Фейт уже начинала привыкать к подстерегающим ее почти на каждом шагу разочарованиям. Несколько секунд она прислушивалась к отдаленным неуверенным звукам рояля.
– Очевидно, Кэти мне действительно ничем не поможет. Сколько ей лет?
– Семь, хотя она выглядит старше. – Карен снова печально улыбнулась. – В этом доме все взрослеют слишком быстро. Конечно, вы можете с ней поговорить. Насколько я помню, вы ей всегда нравились.
– А Дайна тоже ей нравилась?
– Да, очень.
Девочка сидела одна в помещении, очевидно, служившем общей музыкальной и игровой комнатой. На ней были белые брюки и майка; длинные светлые волосы, зачесанные назад, придерживались розовыми пластмассовыми заколками. Она походила на куклу Барби. Кэти с серьезным видом выслушала объяснения Карен, что Фейт «была больна и теперь помнит все не так хорошо, как ей хотелось бы».
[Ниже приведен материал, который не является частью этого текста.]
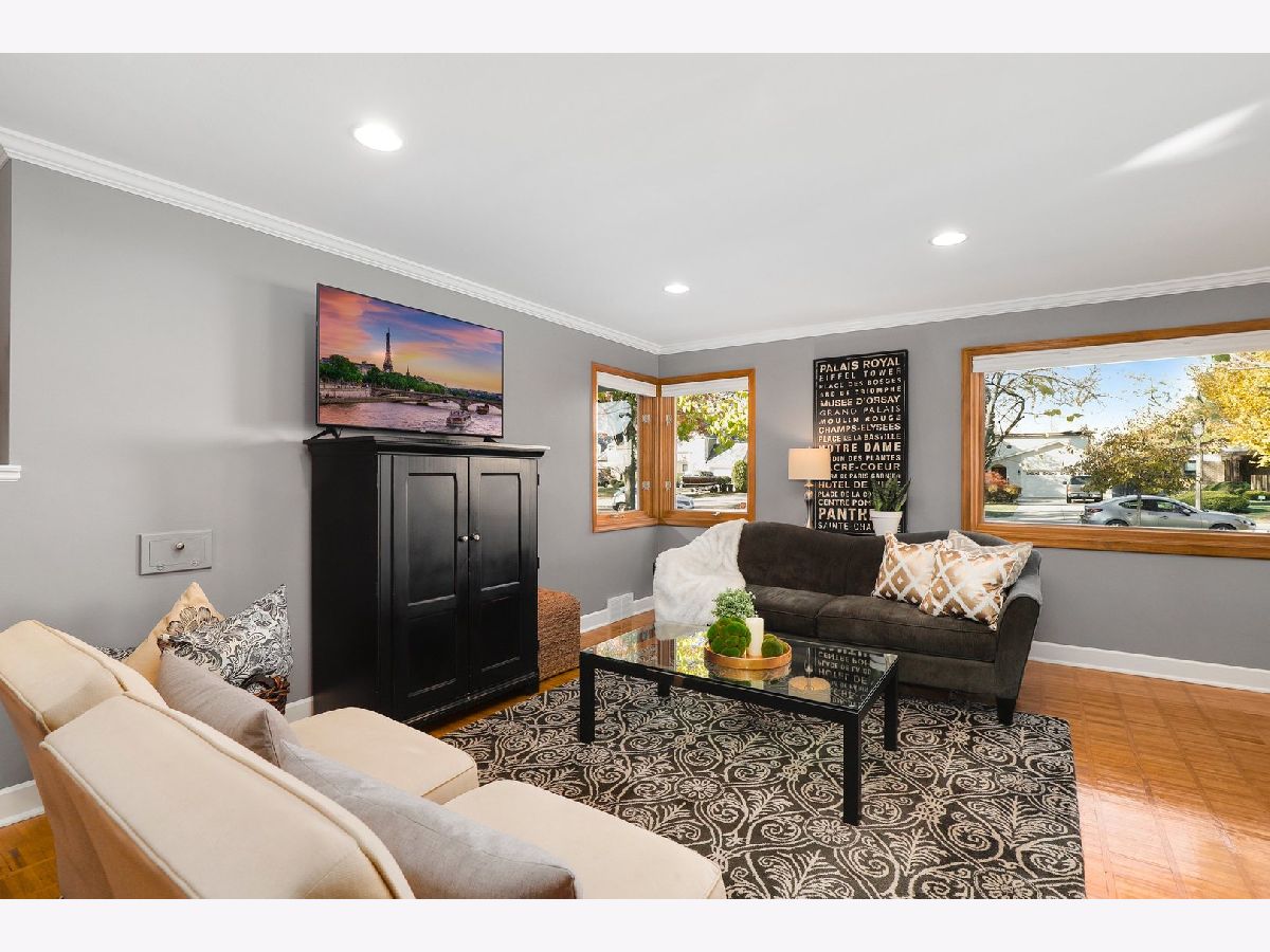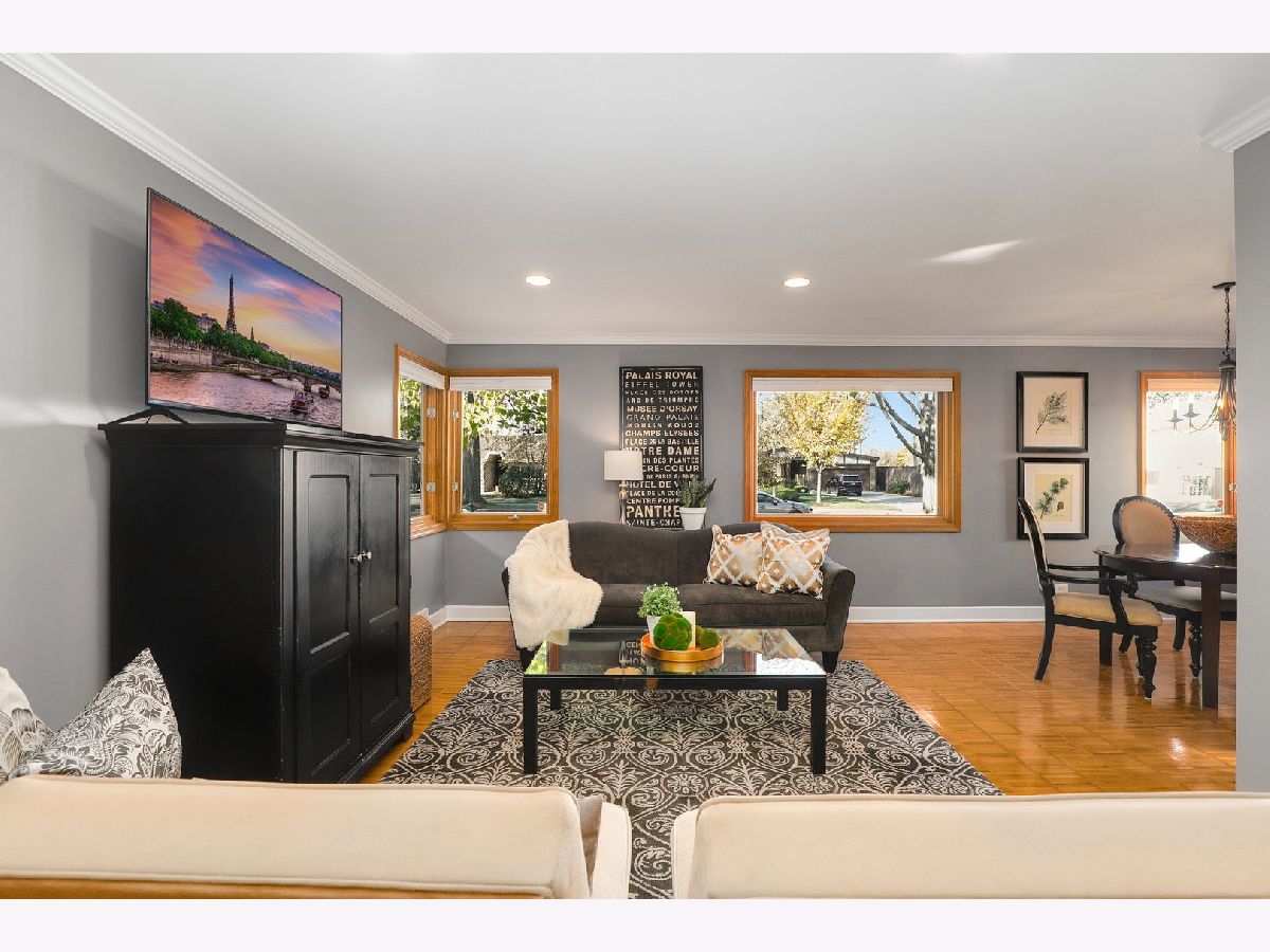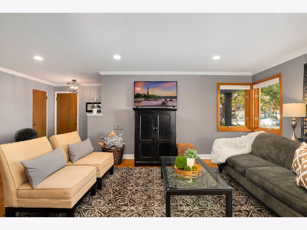 Pride of ownership abounds this solid brick, ranch home filled with charm, great curb appeal and spacious backyard! Meticulously maintained, updated, and move-in ready. Spacious foyer welcomes you into a cozy living room, open to the dining room. Freshly painted, white baseboards, trim and crown molding, hardwood floors, and recessed lighting throughout. The main level provides three bedrooms and two full recently renovated bathrooms. The master bedroom has a full bath with shower glass doors. Kitchen has plenty of cabinetry, built in pantry, granite countertops, and SS appliances. Convenient breakfast bar and ceramic floors blend the cabinetry and counters beautifully. Natural light flows into every room. Full finished basement with recessed lighting provides so much space. Family room, rec room, office space and a separate laundry area with plenty of storage space available. Huge fenced in backyard and patio for entertaining family and guests. New driveway allows for extra parking if needed. Walk to a plethora of dining options - so many restaurants available steps from your home. Walking distance to schools, universities, and a short drive to I290 and Blue/Green/Metra transportation.

Фейт на мгновение ощутила себя покинутой, когда Карен оставила ее с девочкой, но потом села рядом с ней на скамью и сказала:
– Привет, малышка. Что ты играешь?
Кэти окинула Фейт внимательным взглядом голубых глаз, потом снова посмотрела на клавиатуру, дважды нажала на белую клавишу и только потом ответила:
– Что-то из «Прекрасного мечтателя», но мне это не нравится. Я не могу много играть одно и то же. Вас долго не было, и никто не может научить меня чему-нибудь новому. – Девочка явно постаралась, чтобы последняя фраза не звучала обвиняюще.
– Я очень сожалею об этом, Кэти.
Не раздумывая, Фейт положила руки на клавиатуру и сыграла несколько тактов.
– Ты бы хотела это выучить? Это называется «Лунная соната». Красиво, правда?
Музыка… До сих пор она не помнила, что знает ее.
Кэти критически склонила голову набок:
– Звучит грустно.
Фейт перестала играть.
– Так и есть. Я забыла, что это грустная пьеса. Тогда мы с тобой разучим что-нибудь другое. В следующий раз я принесу ноты, ладно?
– Вы уже обещали, что принесете.
Голос девочки звучал равнодушно, по ее виду можно было легко догадаться, что девочку так часто обманывали, что она не верит уже никому.
Это вызвало у Фейт неприятное чувство, но она ограничилась фразой:
– Теперь я не забуду.
Кэти снова посмотрела на нее:
– А где Дайна?
Фейт была застигнута этим вопросом врасплох.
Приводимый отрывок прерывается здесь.